◆ **RECORDS PROVIDED**
• • • •

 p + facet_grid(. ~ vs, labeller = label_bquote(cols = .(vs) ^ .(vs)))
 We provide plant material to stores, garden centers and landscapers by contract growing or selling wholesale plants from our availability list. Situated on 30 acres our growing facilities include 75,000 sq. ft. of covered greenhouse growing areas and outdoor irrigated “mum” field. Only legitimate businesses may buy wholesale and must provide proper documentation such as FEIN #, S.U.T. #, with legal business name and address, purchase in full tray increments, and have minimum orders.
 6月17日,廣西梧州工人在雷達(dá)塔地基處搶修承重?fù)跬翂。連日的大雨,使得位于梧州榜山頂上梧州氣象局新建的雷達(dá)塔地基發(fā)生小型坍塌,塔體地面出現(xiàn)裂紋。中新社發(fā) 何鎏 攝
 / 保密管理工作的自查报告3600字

• • • •

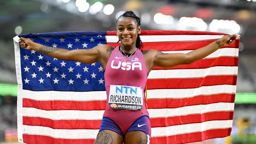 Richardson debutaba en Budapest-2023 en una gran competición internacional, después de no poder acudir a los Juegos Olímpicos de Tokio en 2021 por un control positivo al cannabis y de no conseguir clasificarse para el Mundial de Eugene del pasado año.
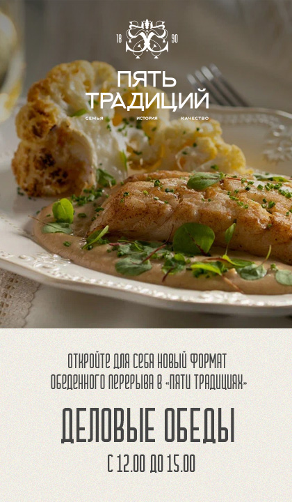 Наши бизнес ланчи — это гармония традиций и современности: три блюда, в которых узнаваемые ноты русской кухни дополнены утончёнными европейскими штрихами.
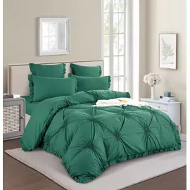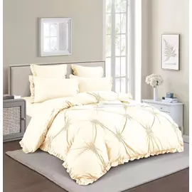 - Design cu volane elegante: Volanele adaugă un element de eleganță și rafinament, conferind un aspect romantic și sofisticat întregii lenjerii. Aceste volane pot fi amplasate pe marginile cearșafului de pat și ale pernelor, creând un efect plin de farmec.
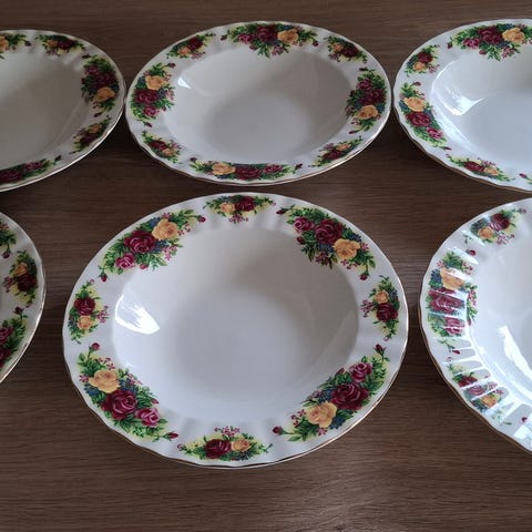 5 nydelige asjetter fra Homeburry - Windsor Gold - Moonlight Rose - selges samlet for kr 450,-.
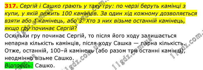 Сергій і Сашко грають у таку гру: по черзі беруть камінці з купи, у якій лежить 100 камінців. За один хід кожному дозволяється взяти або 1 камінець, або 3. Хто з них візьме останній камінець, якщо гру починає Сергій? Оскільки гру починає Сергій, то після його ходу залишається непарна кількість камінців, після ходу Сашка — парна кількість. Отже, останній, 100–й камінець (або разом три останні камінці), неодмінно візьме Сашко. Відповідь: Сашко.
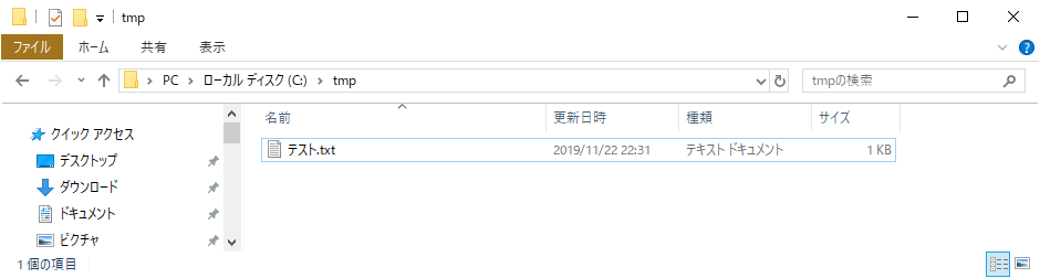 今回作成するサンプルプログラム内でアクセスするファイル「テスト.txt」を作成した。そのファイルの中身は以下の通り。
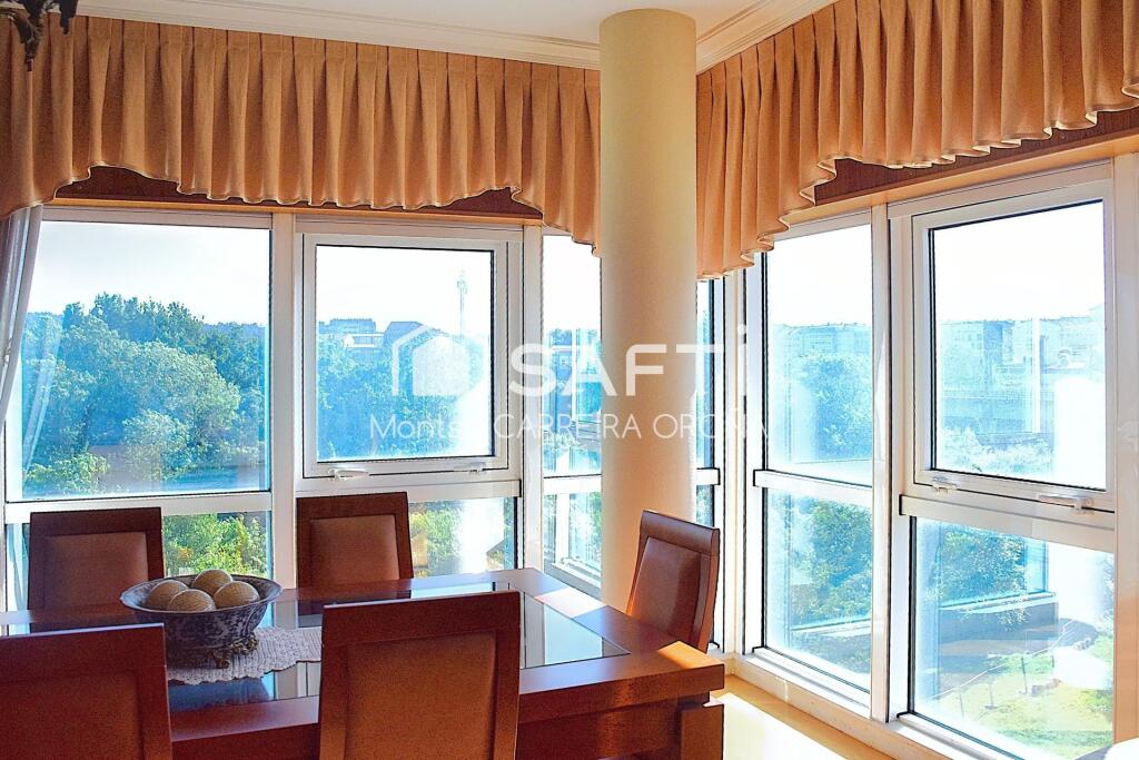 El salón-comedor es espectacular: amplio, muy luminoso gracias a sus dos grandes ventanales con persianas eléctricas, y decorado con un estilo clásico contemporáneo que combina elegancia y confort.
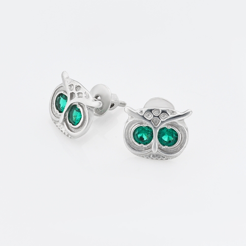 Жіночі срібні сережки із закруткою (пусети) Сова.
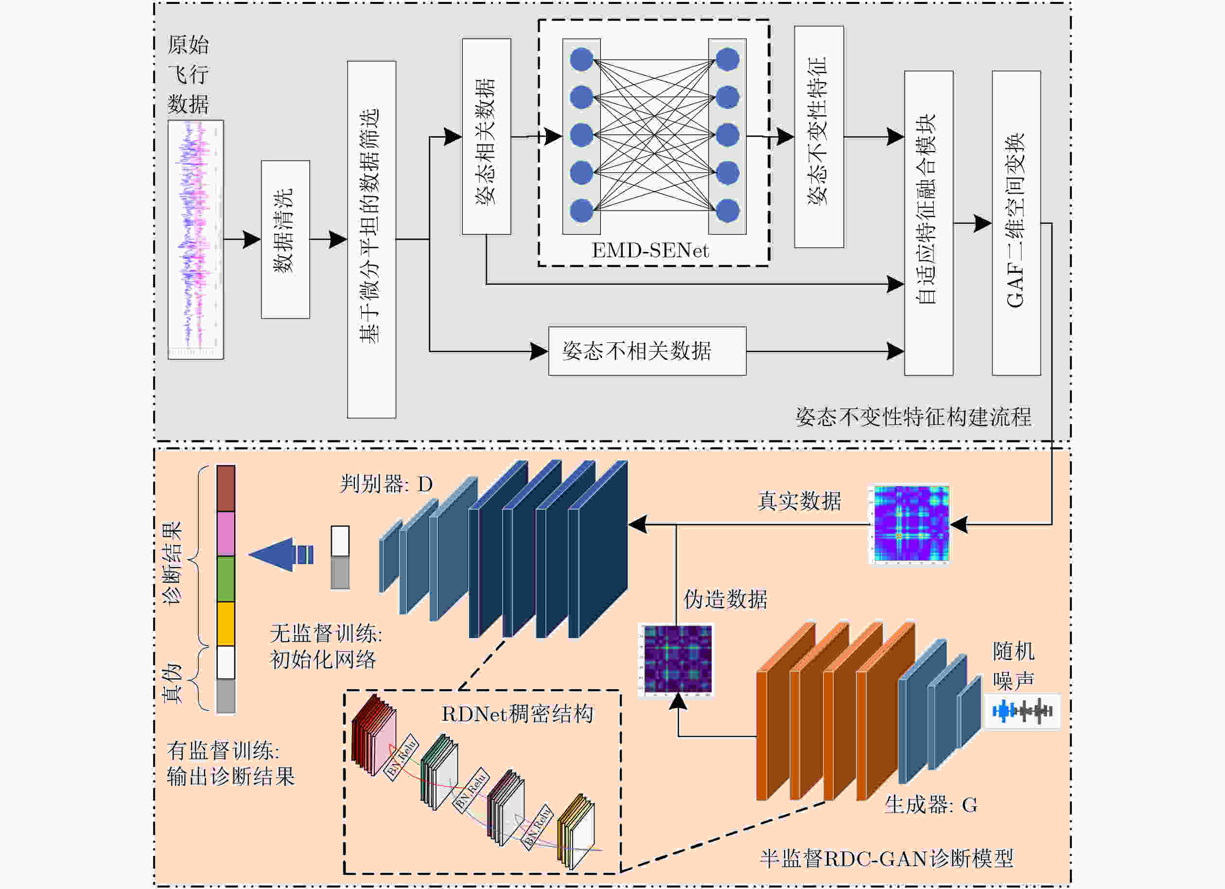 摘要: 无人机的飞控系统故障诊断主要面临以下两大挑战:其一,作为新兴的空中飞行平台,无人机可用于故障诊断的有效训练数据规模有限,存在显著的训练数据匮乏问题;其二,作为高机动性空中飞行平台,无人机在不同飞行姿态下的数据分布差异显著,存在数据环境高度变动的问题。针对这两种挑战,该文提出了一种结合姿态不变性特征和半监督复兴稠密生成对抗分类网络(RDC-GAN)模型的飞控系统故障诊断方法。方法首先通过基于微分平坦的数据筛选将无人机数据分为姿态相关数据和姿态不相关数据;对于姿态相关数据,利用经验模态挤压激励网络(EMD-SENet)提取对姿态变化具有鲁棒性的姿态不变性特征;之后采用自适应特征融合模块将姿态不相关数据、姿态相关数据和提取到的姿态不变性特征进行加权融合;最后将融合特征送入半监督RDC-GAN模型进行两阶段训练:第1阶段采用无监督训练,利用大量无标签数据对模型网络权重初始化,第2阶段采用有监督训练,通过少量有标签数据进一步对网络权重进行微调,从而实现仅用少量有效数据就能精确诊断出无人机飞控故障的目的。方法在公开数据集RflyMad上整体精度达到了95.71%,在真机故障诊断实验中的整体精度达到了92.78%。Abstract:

• • • •

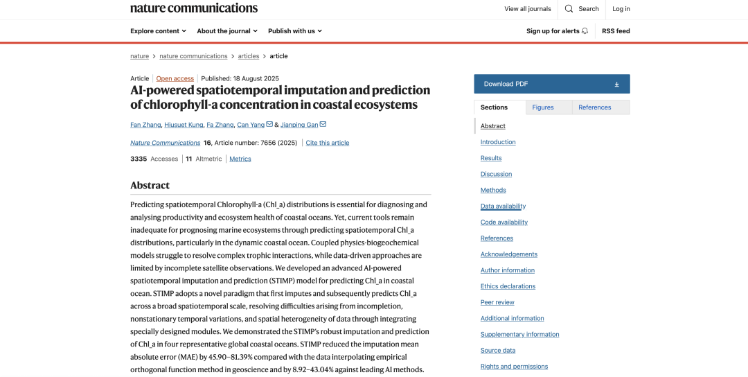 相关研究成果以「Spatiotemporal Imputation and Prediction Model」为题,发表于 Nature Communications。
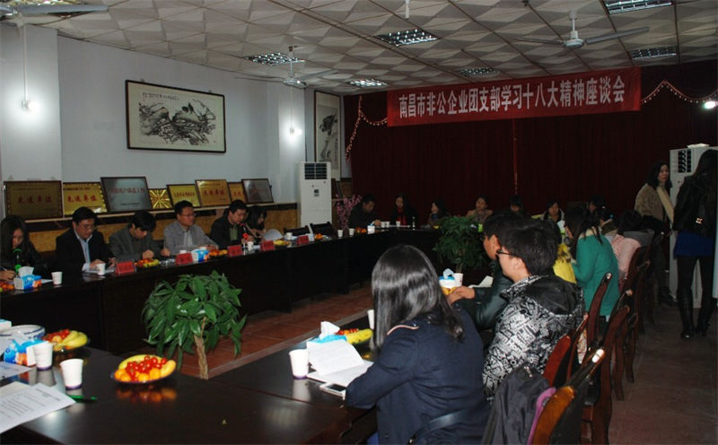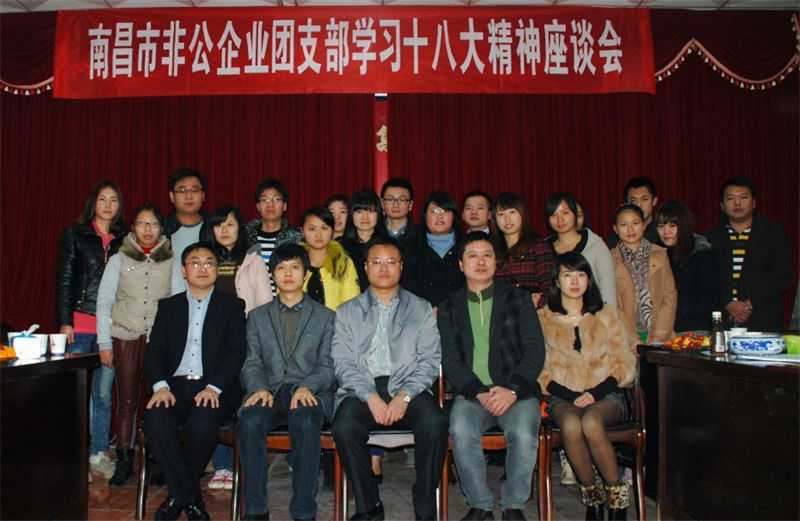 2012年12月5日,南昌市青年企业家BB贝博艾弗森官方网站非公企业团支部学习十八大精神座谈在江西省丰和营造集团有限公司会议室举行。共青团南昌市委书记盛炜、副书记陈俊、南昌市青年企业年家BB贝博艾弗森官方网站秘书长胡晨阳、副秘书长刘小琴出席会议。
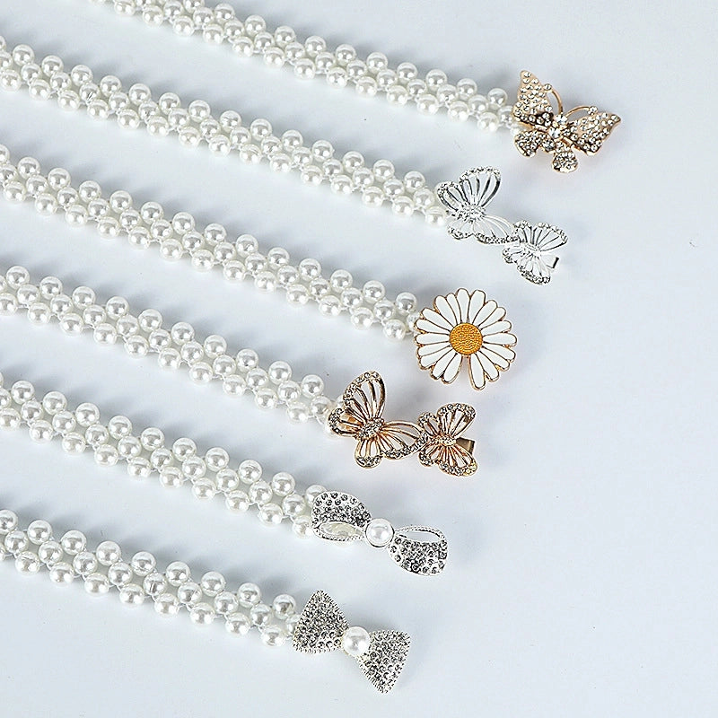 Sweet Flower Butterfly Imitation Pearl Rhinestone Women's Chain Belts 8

• • • •

◆ **PROBLEM TO WORK ON**
The lines to reproduce run from the one above containing "El salón-comedor es" through the one containing "Жіночі срібні сережки". Copy them exactly and leave out all pictures.

◆ **EXPECTED ANSWER**
 El salón-comedor es espectacular: amplio, muy luminoso gracias a sus dos grandes ventanales con persianas eléctricas, y decorado con un estilo clásico contemporáneo que combina elegancia y confort.
 Жіночі срібні сережки із закруткою (пусети) Сова.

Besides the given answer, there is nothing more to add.